So many of our adventuresome outings are focused around meat, particularly unusual (to our culture anyway) meat and meat products. Machu Picchu is a chicken grill, with an assortment of offal offerings. The Gourmet Dumpling House trip focused around pig ears and feet, and who can forget the blood-based delights of JnJ Turo-Turo or Cafe Polonia? While each of these has been wonderful, it was time for something truly bold, truly adventuresome. Something new. It was time…for veganism.

Well, to be fair, neither I nor the other intrepid foodmanauts of the Adventures in Food crew actually became vegans. For readers who may not know, vegans are vegetarians who go a step or two farther. Rather than simply not eating meat, vegans do not eat any animal product whatsoever. That means no cream, no butter, no eggs, no cheese. Depending on their reasons for choosing to practice veganism, this can extend beyond food into all animal-based products – no leather shoes, no wool sweaters – or it may be limited to culinary choices. Either way, we did not adopt this stricture for more than the constraints of one meal, but for the course of that meal we ate absolutely no animal products.

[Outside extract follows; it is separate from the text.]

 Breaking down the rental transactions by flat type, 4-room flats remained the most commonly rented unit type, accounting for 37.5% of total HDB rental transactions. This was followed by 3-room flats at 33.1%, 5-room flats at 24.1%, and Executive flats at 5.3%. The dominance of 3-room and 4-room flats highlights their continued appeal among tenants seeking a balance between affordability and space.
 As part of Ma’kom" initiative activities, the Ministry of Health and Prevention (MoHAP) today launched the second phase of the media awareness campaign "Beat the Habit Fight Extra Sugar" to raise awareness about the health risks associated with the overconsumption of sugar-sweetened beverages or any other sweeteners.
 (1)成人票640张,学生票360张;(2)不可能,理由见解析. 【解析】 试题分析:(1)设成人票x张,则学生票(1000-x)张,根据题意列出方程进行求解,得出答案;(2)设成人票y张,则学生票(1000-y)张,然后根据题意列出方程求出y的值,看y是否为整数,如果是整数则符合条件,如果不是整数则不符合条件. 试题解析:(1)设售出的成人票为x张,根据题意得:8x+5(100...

The restaurant we visited is called True Bistro, and I believe it is the first of its kind in the Boston area. That’s not to say that Boston doesn’t have any other vegan restaurants. Right down the street from True there’s a little cafe called Pulse, Grasshopper has been serving vegan Chinese food for years, and right down the street from it is Peace o’Pie, which makes vegan pizza. What made True Bistro compelling to me is that its whole purpose is to make vegan food that is upscale – a real fine-dining experience sans meat, dairy, and eggs. A far cry from tofu-scramble and curried lentils, this would be in many ways the hallmark of true creativity in cooking, if they pulled it off. I had to try it.

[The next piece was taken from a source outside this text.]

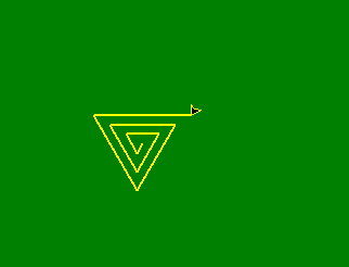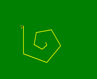 #画图import turtleturtle.screensize(400,300,"green")turtle.pencolor("yellow")turtle.pensize(2)for i in range(10):turtle.forward(i*10)turtle.right(120)#turtle.right(70)turtle.done()

And so, I rounded up 8 fellow food-adventurers, including Mr. Menace, and off we went!

True Bistro does not accept reservations, so I was a bit nervous bringing in such a large party. Luckily we arrived early enough that despite another very large party dining at the same time we were able to be seated immediately. The staff was extremely courteous and readied our table very quickly, I might add!

The interior is small, but painted in white to make the most of the space and take advantage of the large picture windows that surround it. The tables were appropriately set, for an upscale establishment, with white linens and blue wildflowers in bud vases.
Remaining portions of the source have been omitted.